§ Required work
Transcribe the listing exactly as written. Leave the images out.

[Input data]

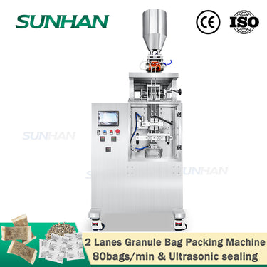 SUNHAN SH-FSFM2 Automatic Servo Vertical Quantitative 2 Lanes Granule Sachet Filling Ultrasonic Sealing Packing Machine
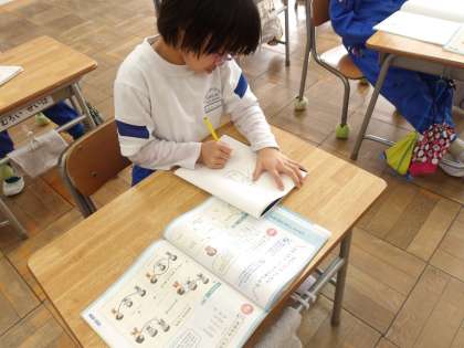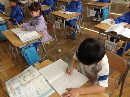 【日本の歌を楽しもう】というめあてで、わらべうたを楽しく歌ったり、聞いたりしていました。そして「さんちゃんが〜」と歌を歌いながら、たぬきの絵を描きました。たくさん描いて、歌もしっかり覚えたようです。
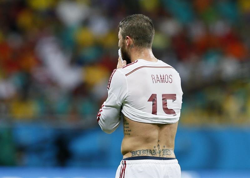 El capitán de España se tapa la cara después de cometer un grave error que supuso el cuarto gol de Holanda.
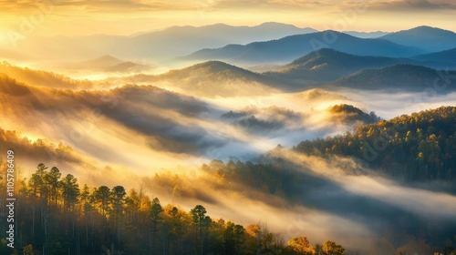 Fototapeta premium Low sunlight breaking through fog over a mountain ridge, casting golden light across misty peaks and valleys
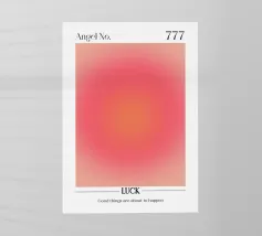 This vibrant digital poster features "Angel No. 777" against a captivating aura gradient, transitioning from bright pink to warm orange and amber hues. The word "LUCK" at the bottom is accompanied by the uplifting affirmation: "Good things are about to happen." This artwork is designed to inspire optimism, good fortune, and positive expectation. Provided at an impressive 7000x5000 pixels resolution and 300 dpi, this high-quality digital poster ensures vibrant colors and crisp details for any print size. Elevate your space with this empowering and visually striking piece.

[/Input data]

§ Answer to this problem
 SUNHAN SH-FSFM2 Automatic Servo Vertical Quantitative 2 Lanes Granule Sachet Filling Ultrasonic Sealing Packing Machine
 【日本の歌を楽しもう】というめあてで、わらべうたを楽しく歌ったり、聞いたりしていました。そして「さんちゃんが〜」と歌を歌いながら、たぬきの絵を描きました。たくさん描いて、歌もしっかり覚えたようです。
 El capitán de España se tapa la cara después de cometer un grave error que supuso el cuarto gol de Holanda.
 Fototapeta premium Low sunlight breaking through fog over a mountain ridge, casting golden light across misty peaks and valleys
 This vibrant digital poster features "Angel No. 777" against a captivating aura gradient, transitioning from bright pink to warm orange and amber hues. The word "LUCK" at the bottom is accompanied by the uplifting affirmation: "Good things are about to happen." This artwork is designed to inspire optimism, good fortune, and positive expectation. Provided at an impressive 7000x5000 pixels resolution and 300 dpi, this high-quality digital poster ensures vibrant colors and crisp details for any print size. Elevate your space with this empowering and visually striking piece.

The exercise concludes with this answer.